The Continental Classics, Volume XVIII., Mystery Tales eBook

This eBook from the Gutenberg Project consists of approximately 455 pages of information about The Continental Classics, Volume XVIII., Mystery Tales.

The Continental Classics, Volume XVIII., Mystery Tales eBook

This eBook from the Gutenberg Project consists of approximately 455 pages of information about The Continental Classics, Volume XVIII., Mystery Tales.

“You don’t understand?  She, as a member of the Old Faith, murdered him through fanaticism.  It was not only that she was putting to death a weed, a profligate—­she was freeing the world of an antichrist!—­and there, in her opinion, was her service, her religious achievement!  Oh, you don’t know those old maids of the Old Faith.  Read Dostoyevsky!  And what does Lyeskoff say about them, or Petcherski?  It was she, and nobody else, even if you cut me open.  She smothered him!  O treacherous woman! wasn’t that the reason why she was kneeling before the icons, when we came in, just to take our attention away?  ’Let me kneel down and pray,’ she said to herself, ’and they will think I am tranquil and did not expect them!’ That is the plan of all novices in crime, Nicholas Yermolaiyevitch, old pal!  My dear old man, won’t you intrust this business to me?  Let me personally bring it through!  Friend, I began it and I will finish it!”

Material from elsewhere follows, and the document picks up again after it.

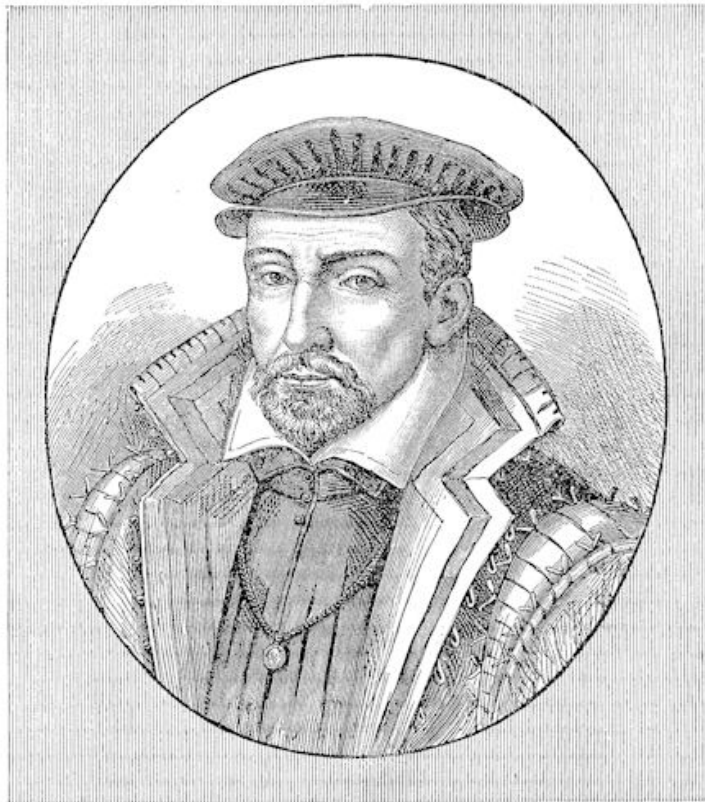
Portret van DE COLIGNY.

In den namiddag kwamen de Koning en de Koningin-Moeder, Katharina de Medicis, den admiraal bezoeken en stelden daardoor de beangstigde Protestanten, die zich reeds tot een overhaast vertrek gereed maakten, gerust. Bij dit bezoek had de Koning een onderhoud met De Coligny, waarbij niemand, ook niet de koningin-moeder, mocht tegenwoordig zijn. Toen deze later er bij haar zoon op aandrong, te weten wat er tusschen hen was verhandeld, vernam

Chubikoff shook his head and frowned.

“We know how to manage difficult matters ourselves,” he said; “and your business is not to push yourself in where you don’t belong.  Write from dictation when you are dictated to; that is your job!”

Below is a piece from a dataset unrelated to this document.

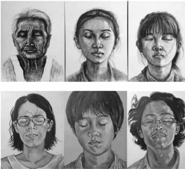
ภาพประกอบ 4 : ผลงานชิ้นที่ 1 และ 2 ชื่อผลงาน Map of life หมายเลข 1 และหมายเลข 2 เทคนิค สีน้ำมันบนผ้าใบ ขนาด ชิ้นละ 60 x 80 ซม.

Dukovski flared up, banged the door, and disappeared.

“Clever rascal!” muttered Chubikoff, glancing after him.  “Awfully clever!  But too much of a hothead.  I must buy him a cigar case at the fair as a present.”

The next day, early in the morning, a young man with a big head and a pursed-up mouth, who came from Klausoff’s place, was introduced to the magistrate’s office.  He said he was the shepherd Daniel, and brought a very interesting piece of information.

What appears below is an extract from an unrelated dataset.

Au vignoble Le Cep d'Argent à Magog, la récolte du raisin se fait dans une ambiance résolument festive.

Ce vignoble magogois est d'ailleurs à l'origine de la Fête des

“I was a bit drunk,” he said.  “I was with my pal till midnight.  On my way home, as I was drunk, I went into the river for a bath.  I was taking a bath, when I looked up.  Two men were walking along the dam, carrying something black.  ‘Shoo!’ I cried at them.  They got scared, and went off like the wind toward Makareff’s cabbage garden.  Strike me dead, if they weren’t carrying away the master!”

That same day, toward evening, Psyekoff and Nicholas were arrested and brought under guard to the district town.  In the town they were committed to the cells of the prison.

II

A fortnight passed.

It was morning.  The magistrate Nicholas Yermolaiyevitch was sitting in his office before a green table, turning over the papers of the “Klausoff case”; Dukovski was striding restlessly up and down, like a wolf in a cage.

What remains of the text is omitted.